DOT: Aligning technology with changing reality

Oct. 1, 2004
The Deep Offshore Technology conference scheduled for Nov. 30 – Dec. 2 in New Orleans continues the tradition of this event by offering attendees a wide selection of frontier technology for deepwater operations.

Conference in New Orleans to focus on deepwater lessons learned

The Deep Offshore Technology conference scheduled for Nov. 30 – Dec. 2 in New Orleans continues the tradition of this event by offering attendees a wide selection of frontier technology for deepwater operations. The conference, entering its 16th year, attracts attendees from the energy capitals of the world, including Europe, Russia, Australia, Asia, South America, and the US. Drawing on its wide base of experience, the technical conference addresses the complex and changing role of deepwater exploration and production in an evolving energy market.

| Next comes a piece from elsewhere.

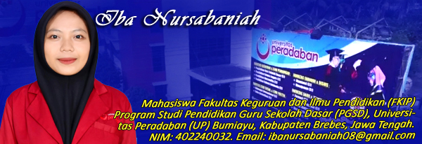 PENELITIAN ini dilaksanakan oleh Iba Nursabaniah, mahasiswa Program Studi Pendidikan Guru Sekolah Dasar (PGSD) Fakultas Keguruan dan Ilmu Pendidikan (FKIP) Universitas Peradaban Bumiayu, Kabupaten Brebes, Jawa Tengah.
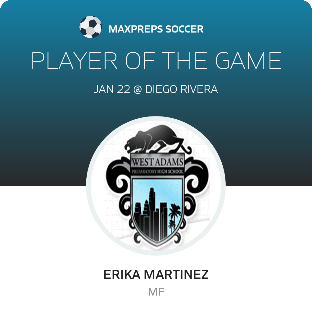Congratulations to Erika Martinez for being selected the West Adams Girls JV Soccer Player of the Match.

The scope of this year's conference includes more than 30 technical sessions, from lessons learned in field development to innovative tieback techniques, from field architecture and economics to new riser technology, and from project execution and management to advanced materials. The papers summarized below are a sample of the technology mix that will be available at this year's conference.

Intelligent well design and installation challenges at Na Kika

C.D. Stair
D.B. Hebert

Shell International E&P Inc.

M.E.P. Dawson
Halliburton Energy Services Inc.

S. Jacob
WellDynamics Inc.

The ultra-deepwater Na Kika field (50% Shell/50% BP) in the US Gulf of Mexico required innovative and complex intelli-gent-well designs to develop economically multiple stacked reservoir sequences with a minimum well count. Intelligent well or "remote zonal control" functionality was integrated with the sand face completions to provide isolation between zones during well completion operations, yet allow verification of controlled flow from each zone at the end of the completion. This paper addresses the specific design challenges in intelligent well construction faced by the Na Kika comple-tions team, discusses the develop-ment of innovative solutions, and provides a summary of the successful execution of the four Na Kika intelli-gent wells.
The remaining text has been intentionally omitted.